▸ **AIM OF THE TASK**
Verbatim output of the lines below is required, with the images omitted.

▸ **MATERIAL PROVIDED**
======
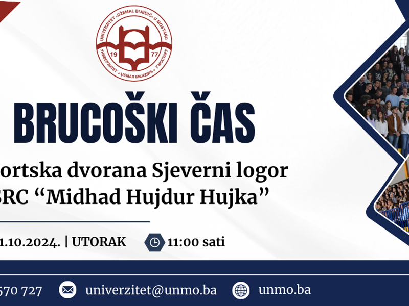 Obavještavamo studente prve godine fakulteta i univerzitetskih studija na Univerzitetu "Džemal Bijedić" u Mostaru da će tradicionalna manifestacija Brucoški čas biti upriličena u utorak 1. oktobra 2024. godine sa početkom u 11:00 sati. Brucoški čas će biti održan u Sportskoj dvorani Sjeverni logor (USRC Midhat Hujdur Hujka).
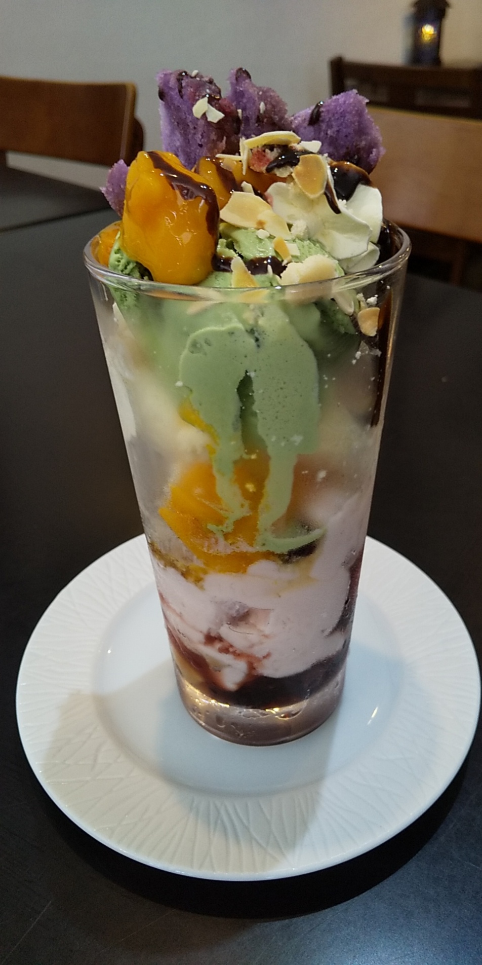 季節のパフェ(現在は自家製サーターアンダギーマンゴーのパフェ) ¥980(15時からのメニューとなります)
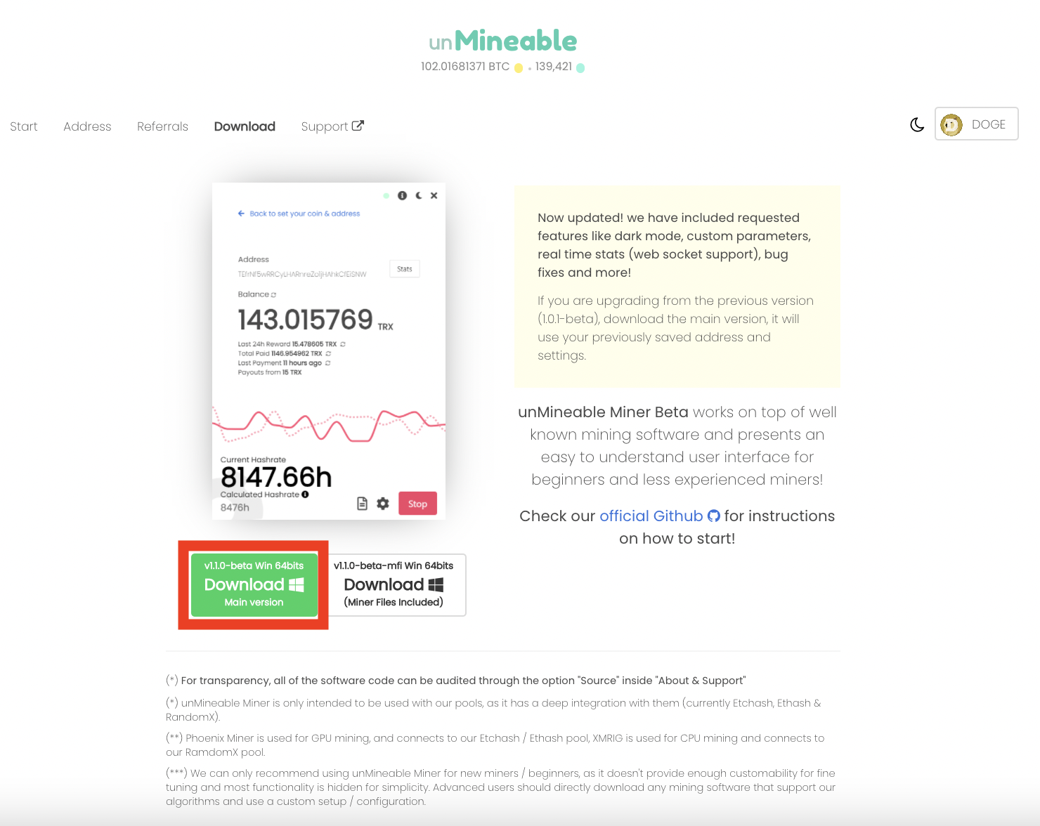 unMineable.Miner.1.1.0-beta-main 이라는 폴더가 다운로드될 것입니다.
======
▸ **EXPECTED ANSWER**
 Obavještavamo studente prve godine fakulteta i univerzitetskih studija na Univerzitetu "Džemal Bijedić" u Mostaru da će tradicionalna manifestacija Brucoški čas biti upriličena u utorak 1. oktobra 2024. godine sa početkom u 11:00 sati. Brucoški čas će biti održan u Sportskoj dvorani Sjeverni logor (USRC Midhat Hujdur Hujka).
 季節のパフェ(現在は自家製サーターアンダギーマンゴーのパフェ) ¥980(15時からのメニューとなります)
 unMineable.Miner.1.1.0-beta-main 이라는 폴더가 다운로드될 것입니다.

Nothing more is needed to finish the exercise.